This rise of big data has made businesses realize that to meet their organization’s needs, not only do they need to generate data to act on, but they also need to “wrangle” their data to a useable state to make accurate business decisions; however, not all data that comes into a company is actionable.
To take data and turn it into actionable leads, comes with a learning curve. If businesses are not careful with how they prep their company data, it can lead to costly mistakes. In 2016 IBM estimated that, in the U.S. alone, the yearly cost of poor-quality data was over $3.1 trillion. Costs can stem from numerous areas such as, sanitizing, formatting, or transforming incoming data incorrectly.
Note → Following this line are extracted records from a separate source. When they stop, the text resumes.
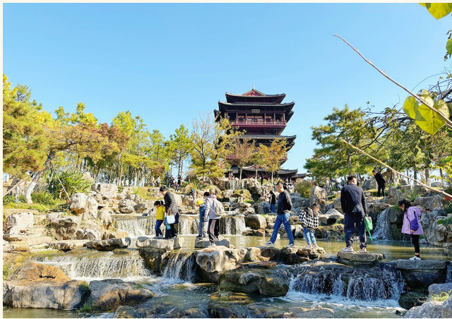
家长孩子游玩兴致高。

当天,串场河小学的晚报小记者与家长在这里进行亲子活动,坐了游船,探寻了美景,品尝了美食,学习了国学文化,度过了一个愉快的假日,受益匪浅,很是开心。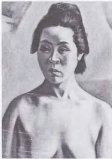
58 時任 鷗熊 (1874~1932) 裸婦 1900 油彩・キャンバス 45.5×33.0 51. 贈 美工-254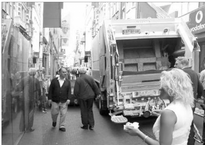
Het beeld, dat iedereen afkeurt, maar alleen weg te krijgen is met goede afspraken: vuilcontainers en ophaalwagens tussen het winkelen publiek.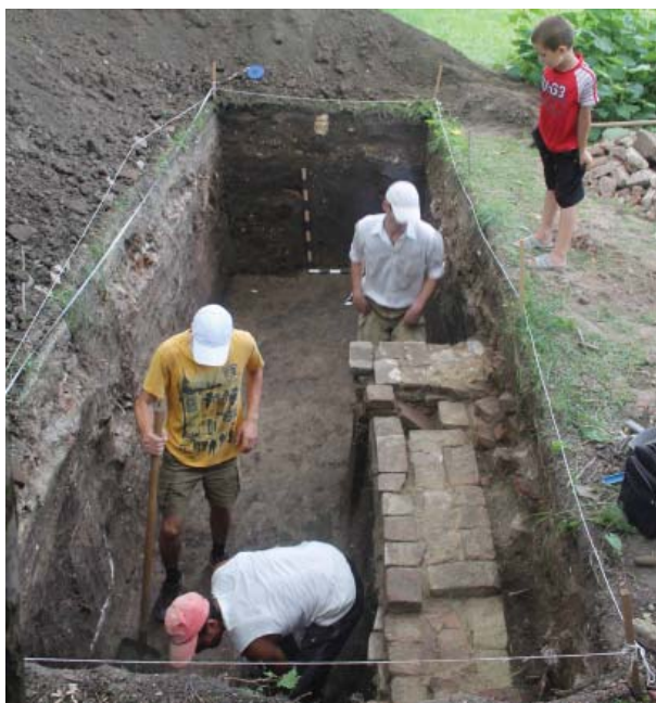
Foto 6. Secțiunea VI. Porțiunea fundamentului construcției de lângă Casa Vechilului

sud-est (casetele II și IIa), care au demonstrat continuarea amenajării de cărămidă. Astfel, prin această primă descoperire care prezenta fundamentul balconului-terasă a Castelului, a fost dovedită o dată în plus însemnătatea cercetărilor arheologice efectuate cu prilejul lucrărilor în proiectele de reconstrucție și restaurare a edificiilor arhitecturale datând din perioade istorice mai recente.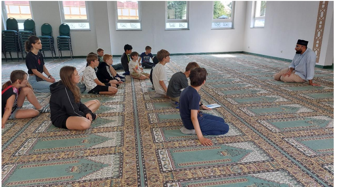
Der Imam erzählt uns von ihrer Geschichte.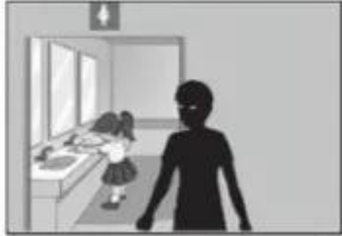
Đi nơi tối tăm, vắng vẻ một mình

3. Tô màu xanh vào việc nên làm và tô màu đỏ vào việc không nên làm.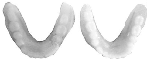
(写真2) 入れ歯はそれぞれ違うので、入れ替えは、ダメです。

入れ歯はそれぞれ違います。1つの入れ歯を自分に合ったように調整しながら使用することが重要です(写真2)。入れ歯が痛くなったから、と簡単にス。ヘアに入れ替えず、かかりつけ歯科医を受診してください。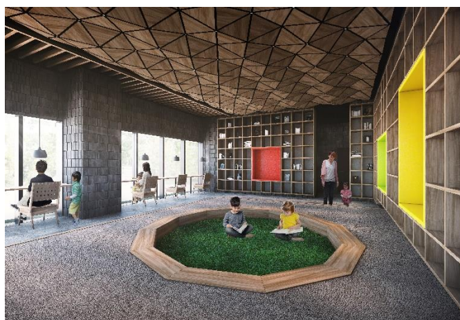
キッズスペース完成予想図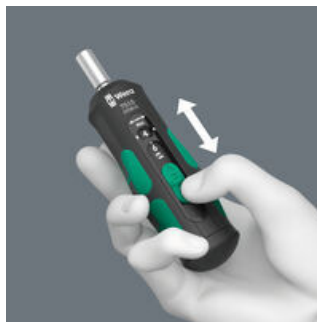
Eenvoudige instelling van de beschikbare aanhaalmomenten.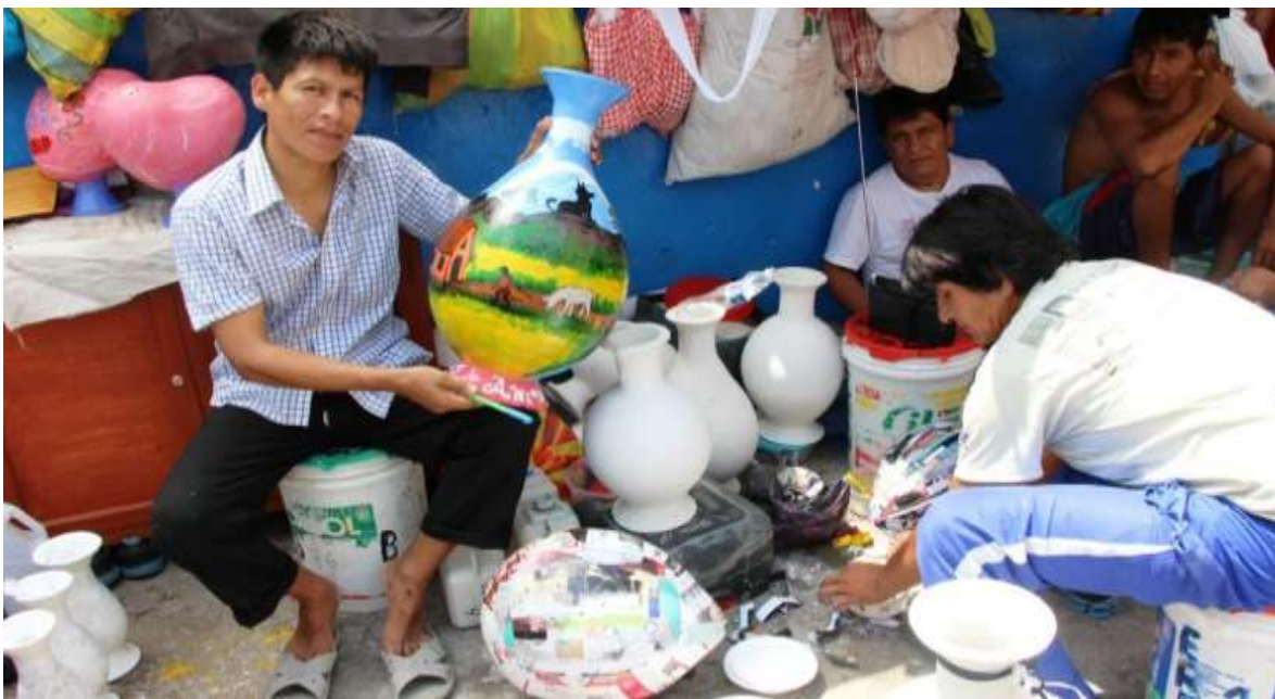
Figura 4: Trabajo al interior del Establecimiento Penal de Pisci. Foto tomada el año 2015.

De toda la población universo de internos recluidos en el Establecimiento penal de Pisci ascendentes a 3600 personas, se ha trabajado con una población de 118 internos que cumplan la totalidad de los siguientes requisitos: (1) Edad ente 18 a 30 años, (2) Reos comunes sentenciados por delitos menores, (3) Condenas de hasta 8 años, (4) No tener adicciones (alcohol o drogas), (5) Primera condena y, (6) Apoyo del entorno. De estos 118, la muestra trabajada es de 91 internos que satisface la necesidad de este estudio.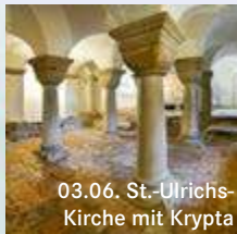
03.06. St.-Ulrichs- Kirche mit Krypta

01.06. 13:00 R Radtour „Kleine Rhododendrontour“ bitte anmelden: Tel. 04402 86385510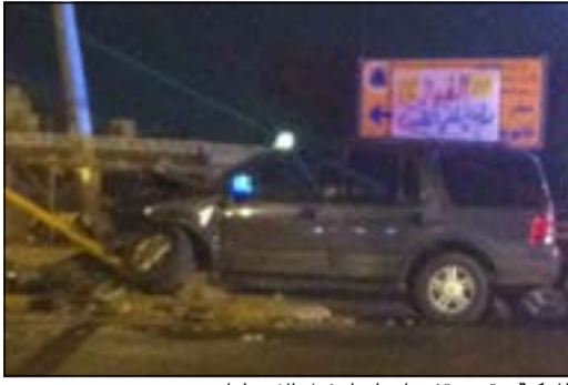
المركبة وقد توقفت إجبارياً بفعل الاصطدام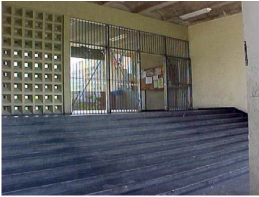
Fig 1 - Faculdade de Educação Física – unidade do Campus da Ilha do Fundão com muitas barreiras de acessibilidade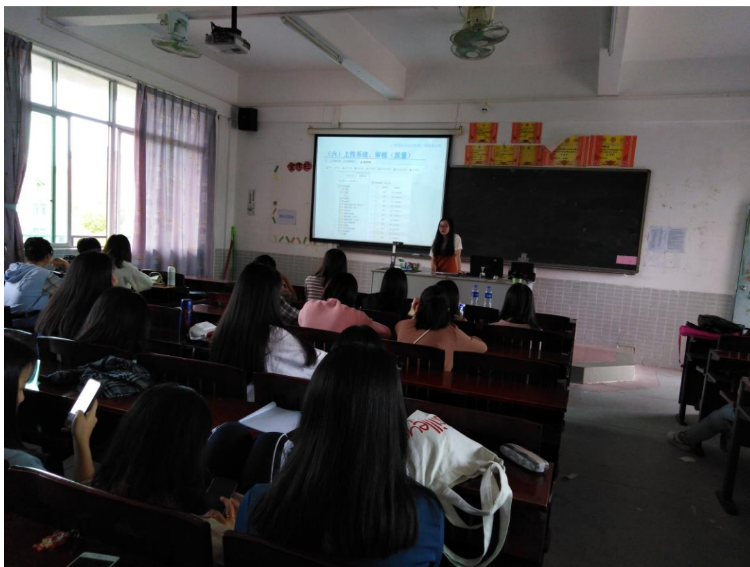
图 9 麦科瑞地理信息工程有限公司来校给文秘专业学校上档案管理实训课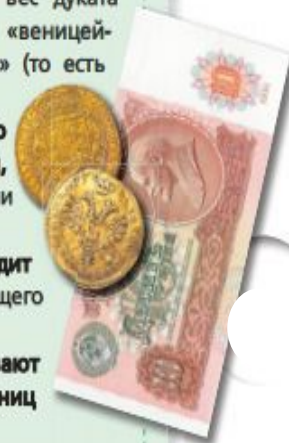
Петровские червонцы и 10 рублей СССР

В обиходе червонцами называют банкноты номиналом десять единиц (например, гривен, евро и т. д.).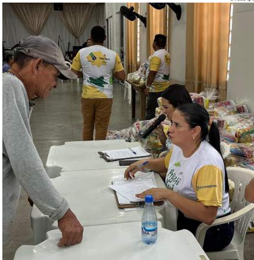
Projeto promove ações socioassistenciais para moradores

O INB, fundado em 2019 por amigos comprometidos com a ajuda a pessoas em vulnerabilidade social, tem como objetivo promover a proteção básica, valorizando a dignidade humana e a qualidade de vida.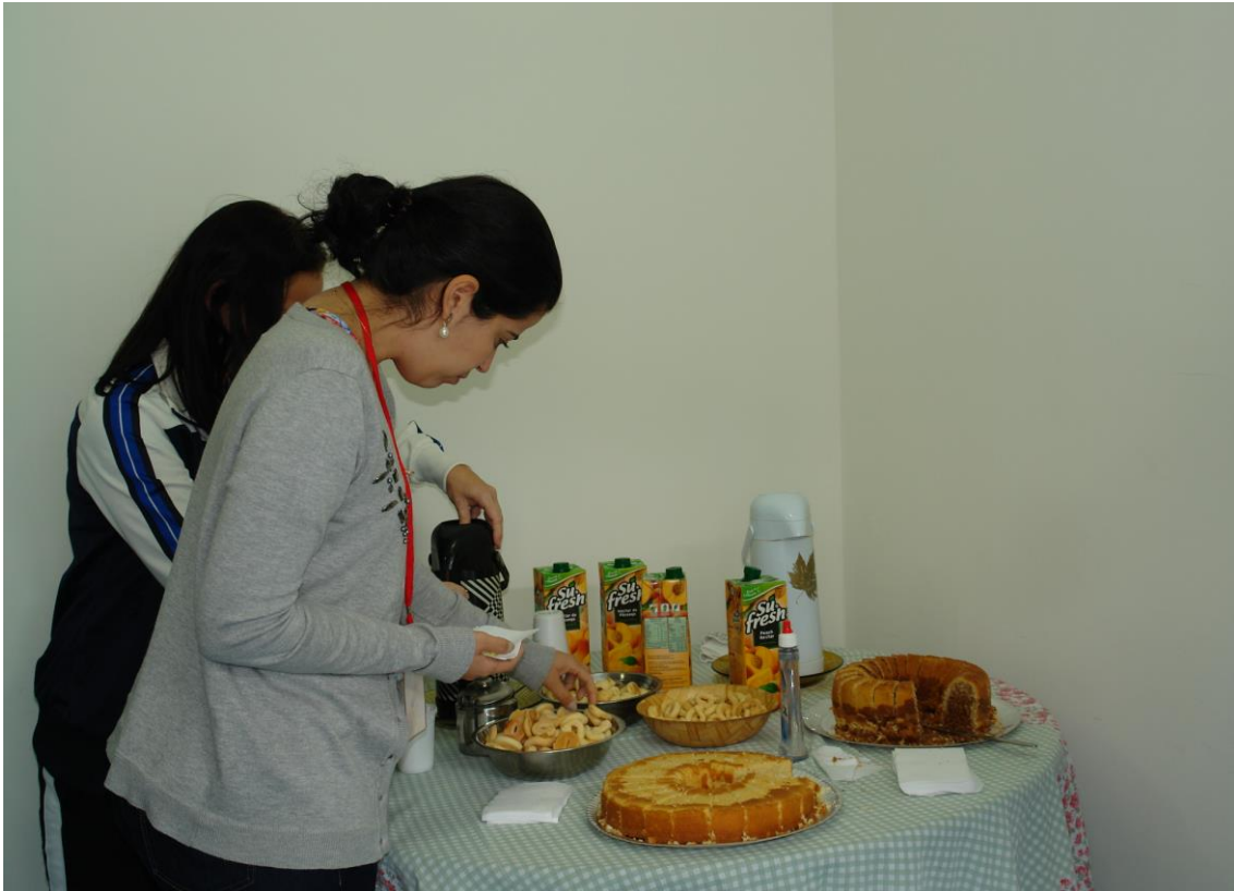
Figura 3- Coffee Break da manhã

SEMEIA GUANDU Atitude e Sustentabilidade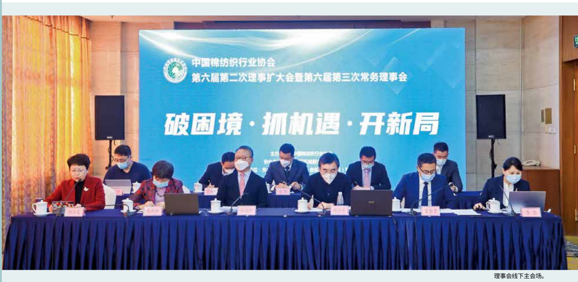
理事会线下主会场。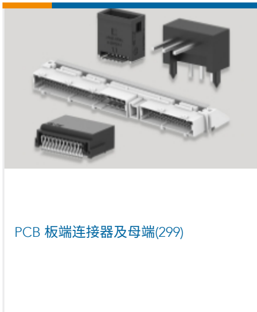
PCB 板端连接器及母端(299)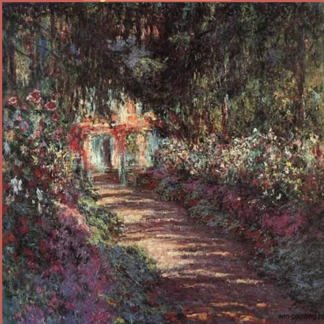
Сад в цвету 1901-1902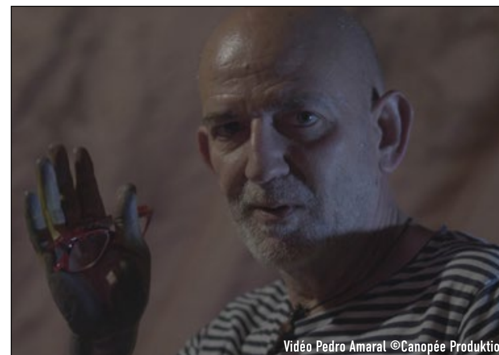
Vidéo Pedro Amaral ©Canopée Produktion

If this happens, poor-quality data can lead to business decisions that hurt the company more than help it.
Cliché but true, approximately 80% of a Data Analyst’s time is spent on data wrangling. Data wrangling is the process of transforming, mapping, preparing, and enriching data to arrive at a format that is compatible with the end system and to business intelligence tools alike. The abundance of digital media data is there, and it is continuously growing. To ensure this staggering amount of data works for us, we need to properly process it and transform it so we can focus on the information that will be useful for our analysis and that aligns with our measurement framework.
Our checklist for data wrangling:
Get to know your data
- Do we have what is needed to report on our KPIs?
- What data is available and how does it align with our measurement framework?
- Work with Media Planners and Channel Specialists to align on business decisions.
Structure and clean
- Look for outliers and inconsistencies.
- Implement standard formatting across your data tables.
- Missing values analysis (missing values as a percentage of total observations, replacing missing values and not a numbers (NaNs) with other values as needed).
- Not all columns are of interest; use only fields that are needed for final analysis and visualization.
- The same practice applies to dates and time frames.
Enrich and transform
- Utilize conditional filtering and if-then-else statements.
- Group to aggregate rows based on categorical features.
- Create new calculated columns using existing fields based on KPIs of interest.
- Concatenate fields to arrive to a final dimension as specified in the measurement framework.
Join and merge
- Is there a need for data integration?
- Combine tables on a unique matching dimension to retrieve the information needed.
As the age-old battle of ‘quantity vs. quality’ rages on, businesses are faced with the reality that, when it comes to digital data, there is far more ‘quantity’ available. In order to harness the value buried within this sometimes overwhelming amount of data, it is imperative to develop systems and processes that will allow the ‘quality’ information to be easily found and readily used. Finding the best way to extricate the most useful data will be crucial for businesses to find, connect with, and appeal to their audiences in the future.